To achieve the target of 25% of total agricultural production by 2030 set in the above-mentioned EU policy documents, the number of organic producers in the EU needs to increase at a faster rate and organic fruit growers need to increase their share of market supply. However, converting from conventional to organic production systems is a challenging path, as, particularly for fruit crops, organic fruit production is technically demanding and knowledge-intensive, thus requiring knowledge sharing as well as dedicated research (Malusà et al., 2022). Research activity shall particularly focus on the topics that are mostly demanded by farmers and advisors, as recently emerged from an EU-wide survey: plant protection, management of soil and its fertility, improvement of functional biodiversity, varieties and rootstocks suitable for organic cropping systems (Furmanczyk et al., 2022; Parveaud et al., 2022). However, it is our opinion that since the research activity shall support transdisciplinary professional skills in fruit growers and advisors, the correct approach of future research in organic fruit production shall take into consideration also some challenges deriving from the overall trends currently occurring within different domains, i.e. legal (including different implementing measures at member state level of the EU legislation), market-driven, social.
2 The need for biodiversity
Organic farming is considered a system of farm management that combines a high level of biodiversity and the preservation of natural resources with best environmental and climate action practices, where organic plant production shall be based on nourishing the plants primarily through the soil ecosystem (Regulation EU 848/2018). The beneficial effect of organic agriculture on overall biodiversity has been frequently reported (Gabriel et al., 2010; Gangatharan and Neri, 2012; Ponzio et al., 2013). Enhanced biodiversity is a concrete tool to strengthen farm efficiency by enabling important ecological services as pollination or shelter to beneficial arthropods, pests and weed control (Simon et al., 2011; Campbell et al., 2017; Herz et al., 2019; Mia et al., 2021; Fountain, 2022) and maintenance of soil fertility (Mia et al., 2020). However, increased biodiversity in organic farms is generally not sufficient to adequately control harmful pests, which forces the farmer to use authorized plant protection products that can also negatively affect the biodiversity, including that of soil, even though likely to a lesser extent than conventional farming (Malone et al., 2017; Brühl et al., 2022). Research is thus needed to identify site adapted strategies reducing pests’ occurrence in organic systems while keeping high the degree of on farm biodiversity. An interesting approach in this respect could be that of integrating several measures that could strongly limit the need of pesticides (Andrivon et al., 2018; Alaphilippe et al., 2021). However, a better understanding of the impact of the surrounding environment on farm biodiversity, including pests, is also a challenging topic that needs to be addressed. Indeed, within-farm biodiversity is influenced by both management of the farm and management of surrounding farms or the natural landscape (Markó et al., 2017; Nicholson et al., 2017; Katayama et al., 2019), which highlights the relevance of the landscape in the agricultural management of organic orchards.

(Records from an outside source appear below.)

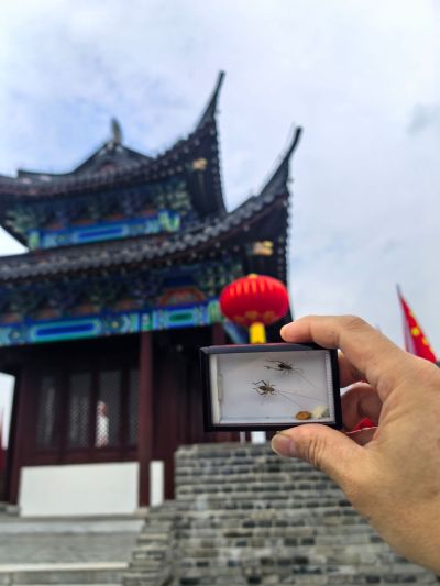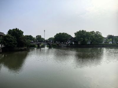 那是钱塘江边的海涂,远处还有好些人,都在赶海。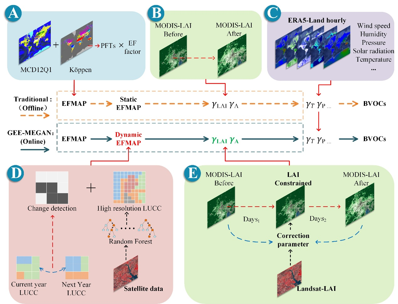 GEE-MEGAN對于廣泛應(yīng)用的MEGAN2.1模型(Alex Guenther教授于2012年開發(fā))做出了重大的改進(jìn)。該模型利用Google Earth Engine(GEE)強(qiáng)大遙感云計(jì)算能力,融合多遙感衛(wèi)星數(shù)據(jù)(如MODIS、Landsat、Sentinel等)和機(jī)器學(xué)習(xí)算法(圖1),改進(jìn)了靜態(tài)的標(biāo)準(zhǔn)排放因子地圖和葉面積指數(shù)(LAI)估計(jì),實(shí)現(xiàn)了10-30米空間分辨率、近實(shí)時(shí)的BVOCs排放模擬,為研究BVOCs排放帶來的空氣質(zhì)量與氣候效應(yīng)提供了有力工具。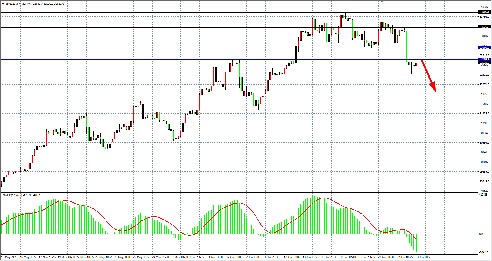 4小时图看,日经指数跌破33000点且进一步下行至32700之下,MACD量能在零轴下强势放量,趋势已走出顶部形态,阻力关注32700-33000,支撑关注32000-31400。

Restoring functional biodiversity of the agricultural landscape at the farm level (e.g. avoiding mono-cropping) can lead to agroecosystems capable of sustaining their own soil fertility and productivity (Neri et al., 2021; Giorgi et al., 2022). Soil is, indeed, acknowledged as a limited resource, which determines crop productivity and ecosystem sustainability through various ecosystem services. Accumulation of residues from a single crop can disrupt the humification process, delaying the stabilization of the organic matter and favor the release of toxic metabolites (Neri, 2013). These processes may induce specific allelopathic effects (dispathy) accounting for ‘soil sickness’, a complex symptomatology and etiology, commonly observed in several fruit crops, influenced by soil, agronomic conditions, soil and microbiome disfunctions (Cartenì et al., 2016; Cesarano et al., 2017; Polverigiani et al., 2018). However, a conclusive technical solution to them is still lacking also in case of intensive organic orchards.

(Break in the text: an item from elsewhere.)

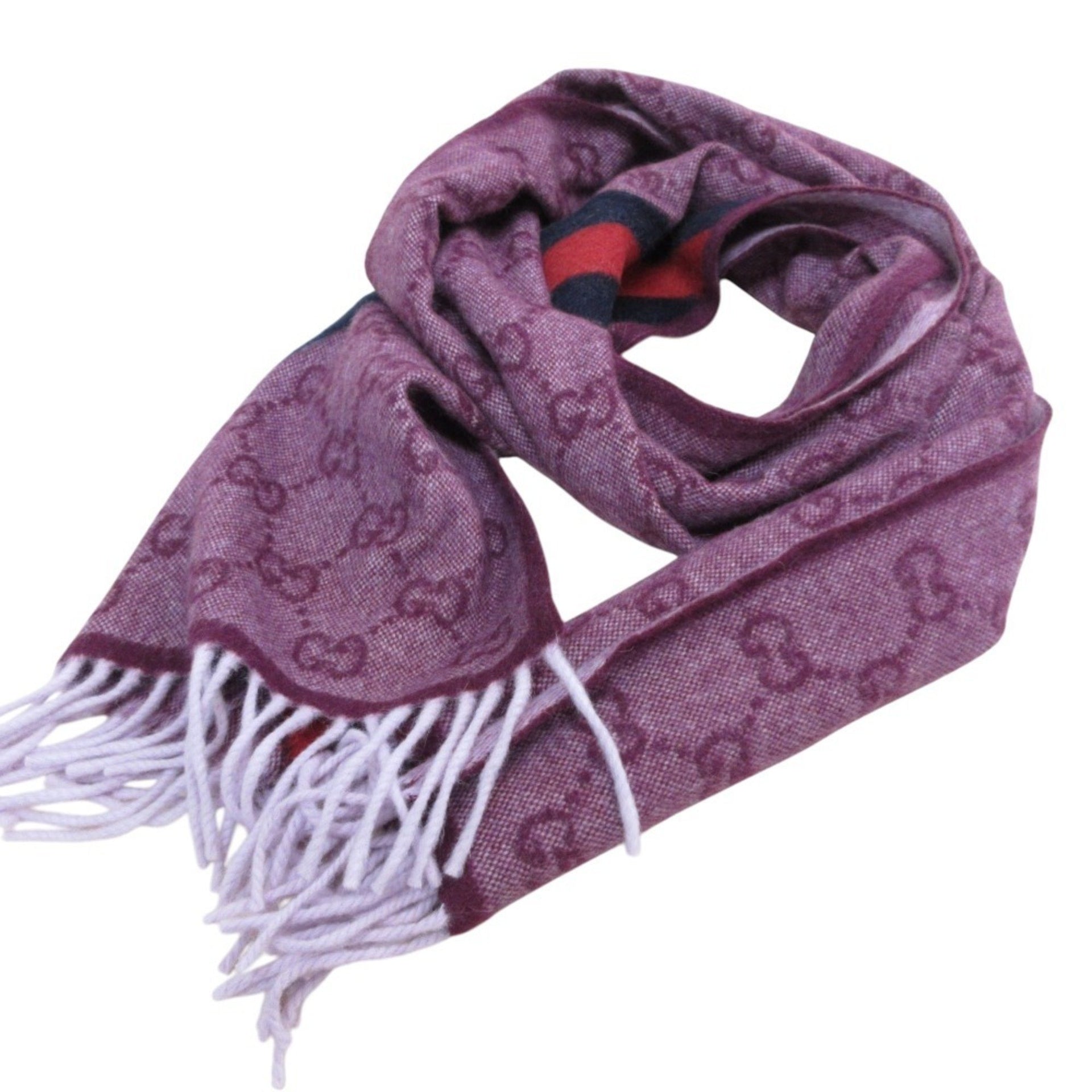 GUCCI GG Jacquard Web Line Fringe Scarf/Shawl Purple Women\'s

Soil health is closely related to soil fertility, which, from an agronomical point of view, is associated to the processes of organic matter decomposition, immobilization and mineralization of nutrient elements to be exploited by the plant. However, these processes in organic orchards are seldomly synchronized with the nutrients’ needs of the crop frequently resulting in nutrient imbalances due to biased element composition of fertilizers not matching the overall specific offtakes of crops (Möller, 2018). Practices of soil management aiming at improving the orchard biodiversity (e.g. living mulches or cover crops) can also contribute to reduce nutrient losses by leaching (Thapa et al., 2018), or improve nutrients availability in a variable amount along their growing cycle with benefits for the fruit crop. However, to increase synchronization between nutrients supply and plant demand there is the need to adapt general principles to local conditions and cropping systems, which requires further research.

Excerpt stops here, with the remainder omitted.